─── Information provided ───

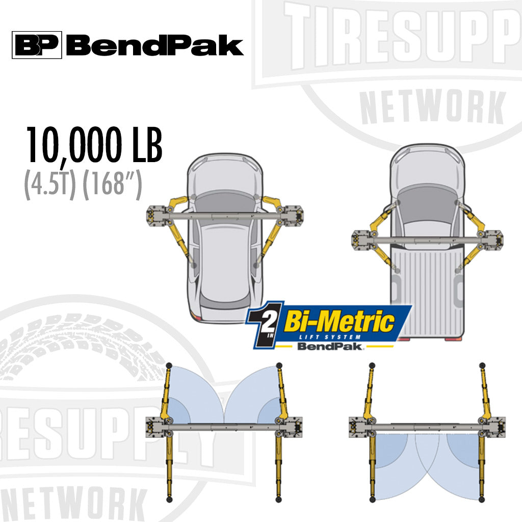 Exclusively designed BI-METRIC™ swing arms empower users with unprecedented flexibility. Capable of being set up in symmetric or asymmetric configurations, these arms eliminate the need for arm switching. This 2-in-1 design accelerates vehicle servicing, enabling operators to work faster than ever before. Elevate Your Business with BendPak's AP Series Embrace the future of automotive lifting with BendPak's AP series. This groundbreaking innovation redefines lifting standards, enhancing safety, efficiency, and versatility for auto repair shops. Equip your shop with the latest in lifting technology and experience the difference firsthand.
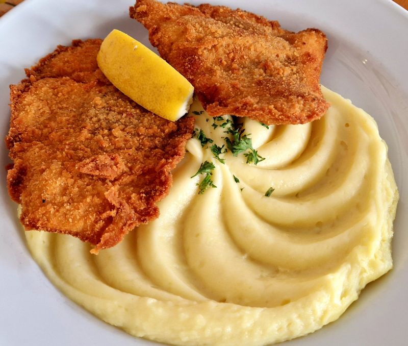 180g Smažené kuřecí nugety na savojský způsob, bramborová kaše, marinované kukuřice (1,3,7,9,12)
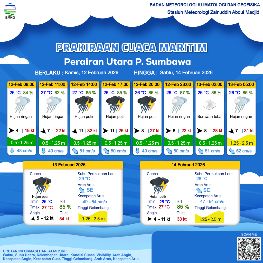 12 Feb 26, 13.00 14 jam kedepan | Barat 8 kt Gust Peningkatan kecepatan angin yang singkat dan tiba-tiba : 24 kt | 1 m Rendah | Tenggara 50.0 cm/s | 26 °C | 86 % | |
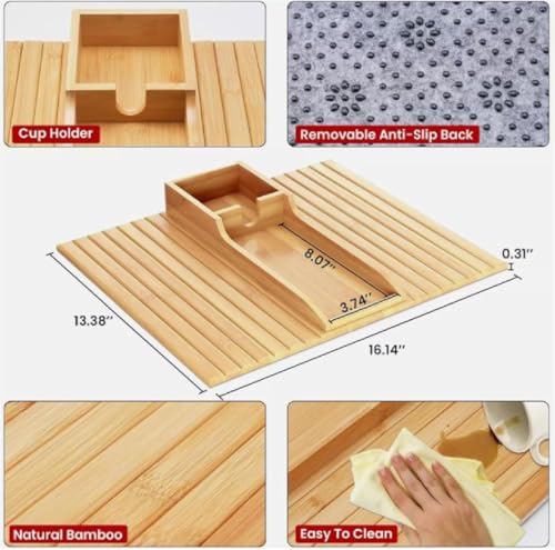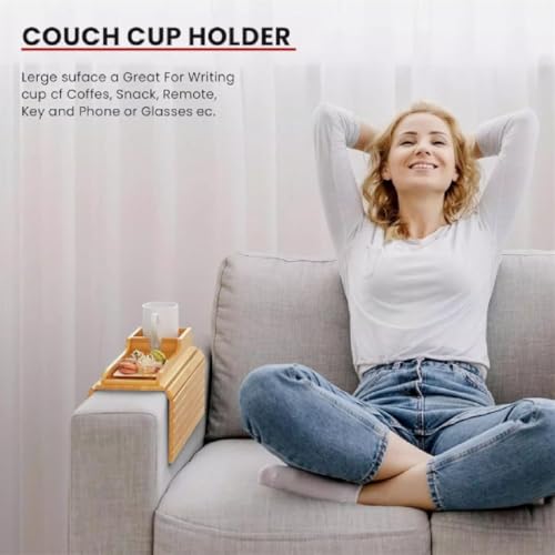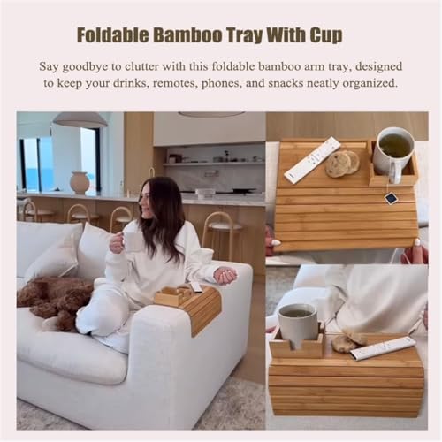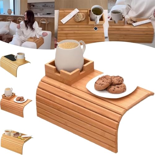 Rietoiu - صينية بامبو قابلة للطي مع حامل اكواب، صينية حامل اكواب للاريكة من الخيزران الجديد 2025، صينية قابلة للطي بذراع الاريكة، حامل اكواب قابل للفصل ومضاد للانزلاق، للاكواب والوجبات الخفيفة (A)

───

*Assignment*. Return the whole listing word for word. Pictures stay out of it.

*Answer to the exercise*.
 Exclusively designed BI-METRIC™ swing arms empower users with unprecedented flexibility. Capable of being set up in symmetric or asymmetric configurations, these arms eliminate the need for arm switching. This 2-in-1 design accelerates vehicle servicing, enabling operators to work faster than ever before. Elevate Your Business with BendPak's AP Series Embrace the future of automotive lifting with BendPak's AP series. This groundbreaking innovation redefines lifting standards, enhancing safety, efficiency, and versatility for auto repair shops. Equip your shop with the latest in lifting technology and experience the difference firsthand.
 180g Smažené kuřecí nugety na savojský způsob, bramborová kaše, marinované kukuřice (1,3,7,9,12)
 12 Feb 26, 13.00 14 jam kedepan | Barat 8 kt Gust Peningkatan kecepatan angin yang singkat dan tiba-tiba : 24 kt | 1 m Rendah | Tenggara 50.0 cm/s | 26 °C | 86 % | |
 Rietoiu - صينية بامبو قابلة للطي مع حامل اكواب، صينية حامل اكواب للاريكة من الخيزران الجديد 2025، صينية قابلة للطي بذراع الاريكة، حامل اكواب قابل للفصل ومضاد للانزلاق، للاكواب والوجبات الخفيفة (A)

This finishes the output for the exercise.